Only the text is wanted; write out each record below exactly and exclude all pictures.
╭─ SUPPLIED MATERIAL
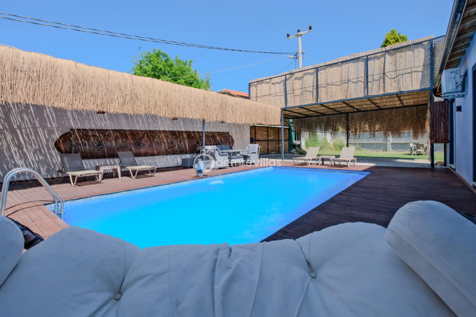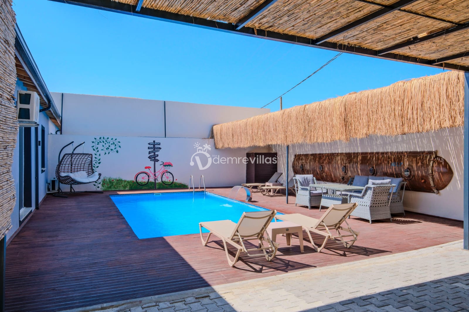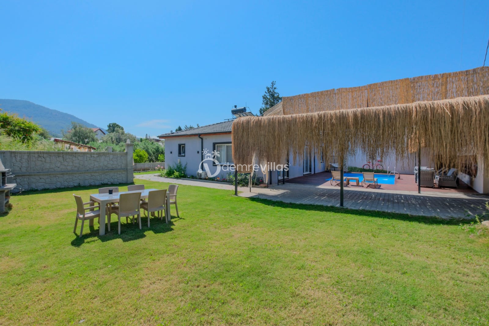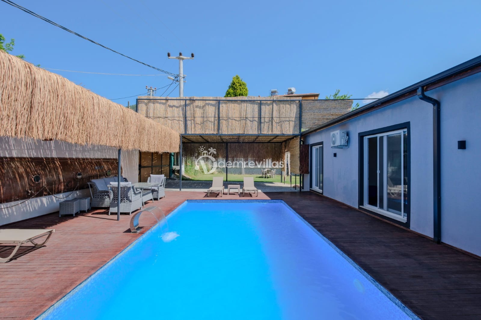 Geniş ve bakımlı bahçesiyle dikkat çeken villamızda, bahçe salıncağında dinlenebilir, doğanın tadını çıkarabilirsiniz. Özel yüzme havuzu sayesinde serinleyip rahatlayabilir, havuz kenarındaki şezlonglarda güneşin keyfini sürebilirsiniz. Küçük misafirlerimiz için özel olarak tasarlanmış çocuk oyun alanı da mevcuttur. Bu alanda çocuklar güvenle ve keyifle vakit geçirebilir.
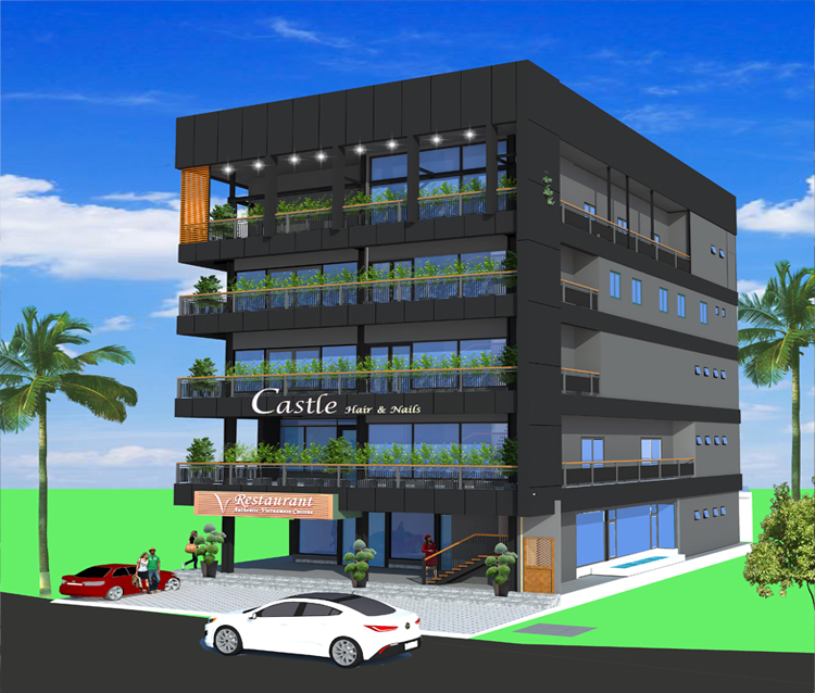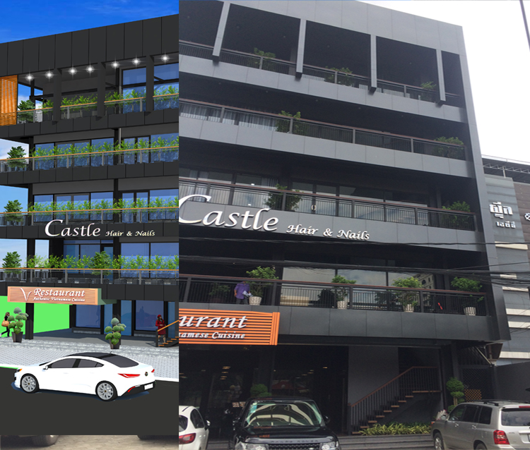 Nhà Hàng kết cấu khung thép tiền chế, sàn sử dung sàn Deck + bê tông , vách Cemboard
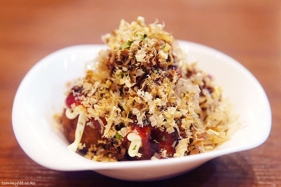 바로 만들어 속안이 레어 상태인 타코야끼에 소스 듬뿍, 마요네즈 드리즐에 카츠오부시 토핑까지 충실하게 올려져 있음.. 단짠단짠 하고 오늘도 퀄리티 좋네요..
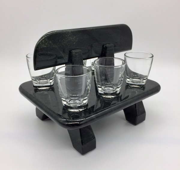 Bankerl aus Edelserpentin mit Glasstamperl in Handarbeit gefertigt Größe: 18,5 cm x 15,3 cm... mehr
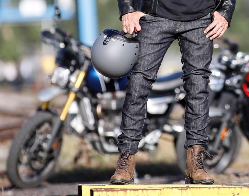 – Jean moto fait avec un mélange de Dyneema/Denim, 68 % coton, 25 % polyéthylène, 5 % polyamide, 2 % élasthanne
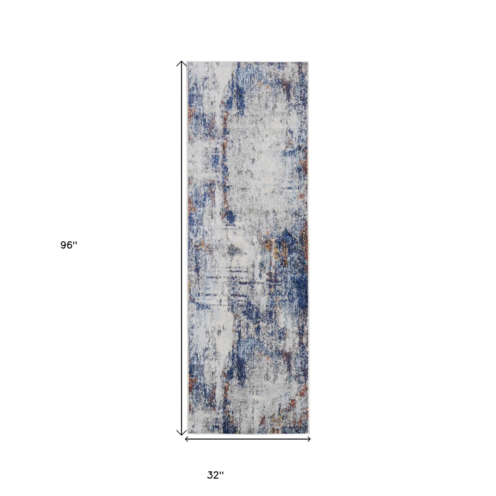 8' Ivory and Blue Abstract Power Loom Distressed Runner Rug
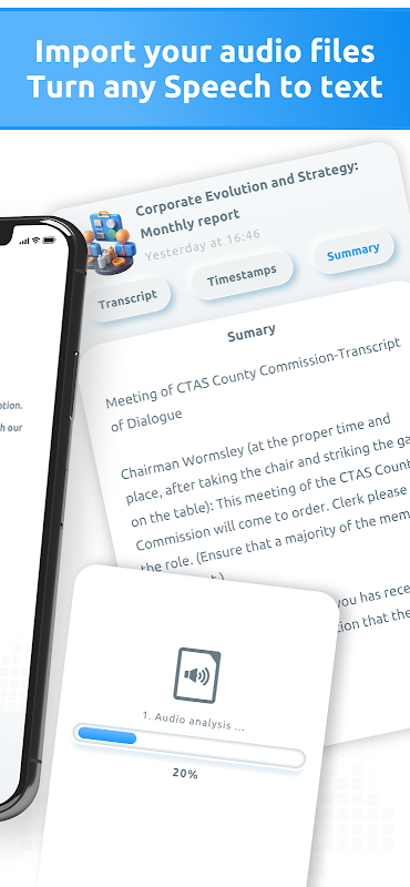 ● Business Meetings: Never miss a single detail from your important meetings! AI Transcribe turns your meeting audio into accurate text summaries. It captures key points, action items, and decisions instantly, allowing you to focus on what matters without the hassle of note-taking.
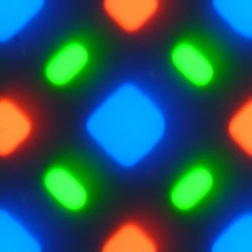 В этом экране используется матрица AMOLED — активная матрица на органических светодиодах. Полноцветное изображение создается с помощью субпикселей трех цветов — красного (R), зеленого (G) и синего (B), но красных и синих субпикселей в два раза меньше, что можно обозначить как RGBG. Это подтверждается фрагментом микрофотографии:
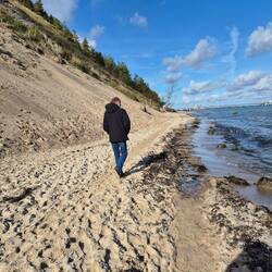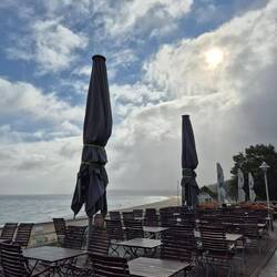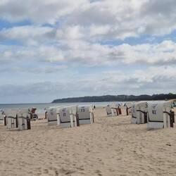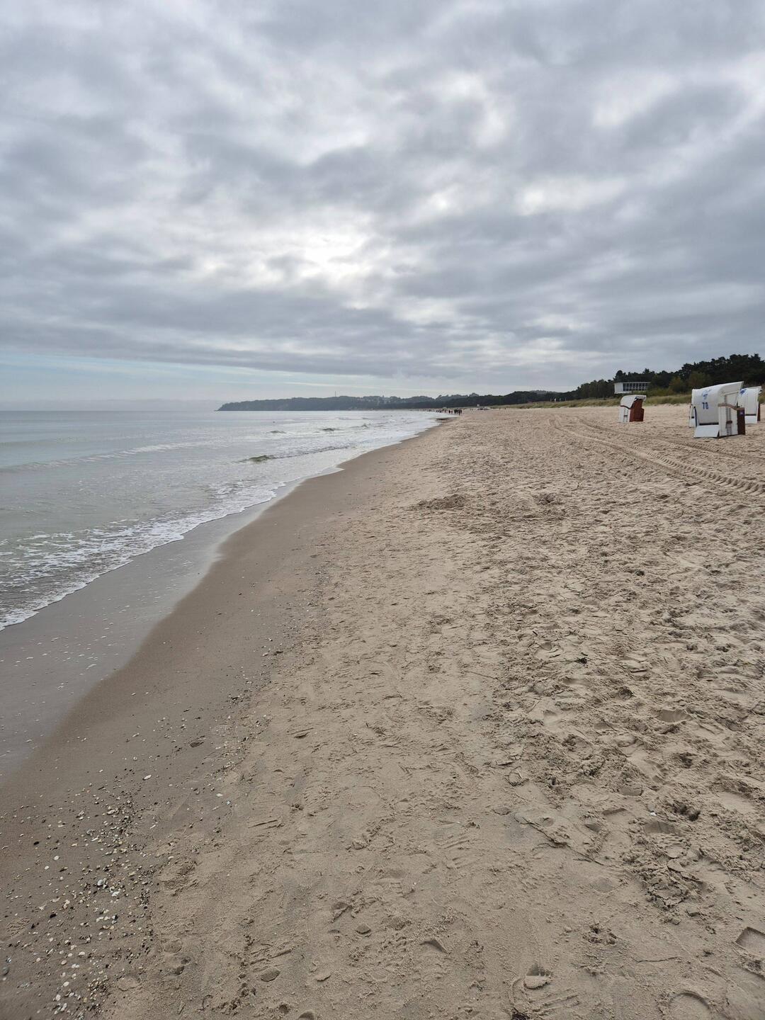 Eigentlich wollte ich ja Schwimmbad ,aber das Wetter soll erst Nachmittags schlechter werden ,also beschließen wir nach Baabe zu laufen ,am Strand entlang. Man sollte sich vorher erkundigen, oder wenigstens googeln,wie weit das ist ,denn Baabe liegt praktisch nebenan ....aber dazu später. Wanderschuhe an , heute die Daunenübergangsjacke und los geht's. Immer schön an der Wasserkante , diversen Hunden ,Möven , Nebelkrähen und buddelnden Familien ausweichend . Mein lieber Mann trägt die eingesammelten Fundstücke,damit ich fotografieren kann und zählt im stillen die Strandabschnitte: Sellin ,Sellin ,Sellin....Baabe 1- 16 , Göhren Nordstrand 1-7 .... Derweil wir fleißig weiterstiefeln. Bis plötzlich Bewegung ist ,oben an der Strandpromenade , könnte man ja was trinken ,wir gehen hoch und kommen doch wirklich am Schild raus: Willkommen in Göhren . Ähhh, wie jetzt ,wo ist denn Baabe abgeblieben? Na egal ,sind wir halt in Göhren ,hier kann man ja auch essen und trinken ,eine Seebrücke gibt's ebenso und ein " Schrägaufzug" kann dich nach oben bringen . Wir stärken uns mit Cappuccino, Eisbecher und einem Bierchen , fahren lustig mit dem Schrägaufzug , nur ,daß es da oben nix weiter gibt ,nur ( laut Google Maps) weitere Wanderwege/ - Touren . Aber wir müssen die Strecke zum Cliff-Hotel auch wieder zurück ; Hier ist nämlich auch die Endstation vom Rasenden Roland ,aber den möcht ich heute nicht fahren. Wir nehmen die Treppen nach unten und entscheiden,nicht an der Wasserkante zurückzulaufen , sondern die Strandpromenade oberhalb der Dünen zu nehmen . Und ratet mal ,wo wir da vorbeikommen , na klar , an Baabe , merkt man nicht an der Wasserkante,jetzt wissen wirs besser 😅 ! Jetzt aber hurtig ,es fängt an zu tröpfeln, doch wir haben Glück, der große Regen kommt ,wie vorhergesagt ,erst später. Erstmal Belohnung in der Cliff-Bar , es ist Viere durch und ich hab nun keine Lust mehr aufs Schwimmbad .
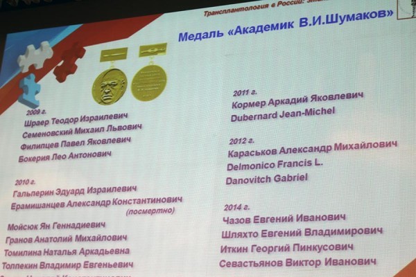 В течение уже нескольких лет за особые заслуги в области трансплантологии вручается медаль «Академик В.И.Шумаков». В числе лауреатов этой медали – выдающиеся российские и зарубежные ученые и хирурги.
╰─
WORKED SOLUTION:
 Geniş ve bakımlı bahçesiyle dikkat çeken villamızda, bahçe salıncağında dinlenebilir, doğanın tadını çıkarabilirsiniz. Özel yüzme havuzu sayesinde serinleyip rahatlayabilir, havuz kenarındaki şezlonglarda güneşin keyfini sürebilirsiniz. Küçük misafirlerimiz için özel olarak tasarlanmış çocuk oyun alanı da mevcuttur. Bu alanda çocuklar güvenle ve keyifle vakit geçirebilir.
 Nhà Hàng kết cấu khung thép tiền chế, sàn sử dung sàn Deck + bê tông , vách Cemboard
 바로 만들어 속안이 레어 상태인 타코야끼에 소스 듬뿍, 마요네즈 드리즐에 카츠오부시 토핑까지 충실하게 올려져 있음.. 단짠단짠 하고 오늘도 퀄리티 좋네요..
 Bankerl aus Edelserpentin mit Glasstamperl in Handarbeit gefertigt Größe: 18,5 cm x 15,3 cm... mehr
 – Jean moto fait avec un mélange de Dyneema/Denim, 68 % coton, 25 % polyéthylène, 5 % polyamide, 2 % élasthanne
 8' Ivory and Blue Abstract Power Loom Distressed Runner Rug
 ● Business Meetings: Never miss a single detail from your important meetings! AI Transcribe turns your meeting audio into accurate text summaries. It captures key points, action items, and decisions instantly, allowing you to focus on what matters without the hassle of note-taking.
 В этом экране используется матрица AMOLED — активная матрица на органических светодиодах. Полноцветное изображение создается с помощью субпикселей трех цветов — красного (R), зеленого (G) и синего (B), но красных и синих субпикселей в два раза меньше, что можно обозначить как RGBG. Это подтверждается фрагментом микрофотографии:
 Eigentlich wollte ich ja Schwimmbad ,aber das Wetter soll erst Nachmittags schlechter werden ,also beschließen wir nach Baabe zu laufen ,am Strand entlang. Man sollte sich vorher erkundigen, oder wenigstens googeln,wie weit das ist ,denn Baabe liegt praktisch nebenan ....aber dazu später. Wanderschuhe an , heute die Daunenübergangsjacke und los geht's. Immer schön an der Wasserkante , diversen Hunden ,Möven , Nebelkrähen und buddelnden Familien ausweichend . Mein lieber Mann trägt die eingesammelten Fundstücke,damit ich fotografieren kann und zählt im stillen die Strandabschnitte: Sellin ,Sellin ,Sellin....Baabe 1- 16 , Göhren Nordstrand 1-7 .... Derweil wir fleißig weiterstiefeln. Bis plötzlich Bewegung ist ,oben an der Strandpromenade , könnte man ja was trinken ,wir gehen hoch und kommen doch wirklich am Schild raus: Willkommen in Göhren . Ähhh, wie jetzt ,wo ist denn Baabe abgeblieben? Na egal ,sind wir halt in Göhren ,hier kann man ja auch essen und trinken ,eine Seebrücke gibt's ebenso und ein " Schrägaufzug" kann dich nach oben bringen . Wir stärken uns mit Cappuccino, Eisbecher und einem Bierchen , fahren lustig mit dem Schrägaufzug , nur ,daß es da oben nix weiter gibt ,nur ( laut Google Maps) weitere Wanderwege/ - Touren . Aber wir müssen die Strecke zum Cliff-Hotel auch wieder zurück ; Hier ist nämlich auch die Endstation vom Rasenden Roland ,aber den möcht ich heute nicht fahren. Wir nehmen die Treppen nach unten und entscheiden,nicht an der Wasserkante zurückzulaufen , sondern die Strandpromenade oberhalb der Dünen zu nehmen . Und ratet mal ,wo wir da vorbeikommen , na klar , an Baabe , merkt man nicht an der Wasserkante,jetzt wissen wirs besser 😅 ! Jetzt aber hurtig ,es fängt an zu tröpfeln, doch wir haben Glück, der große Regen kommt ,wie vorhergesagt ,erst später. Erstmal Belohnung in der Cliff-Bar , es ist Viere durch und ich hab nun keine Lust mehr aufs Schwimmbad .
 В течение уже нескольких лет за особые заслуги в области трансплантологии вручается медаль «Академик В.И.Шумаков». В числе лауреатов этой медали – выдающиеся российские и зарубежные ученые и хирурги.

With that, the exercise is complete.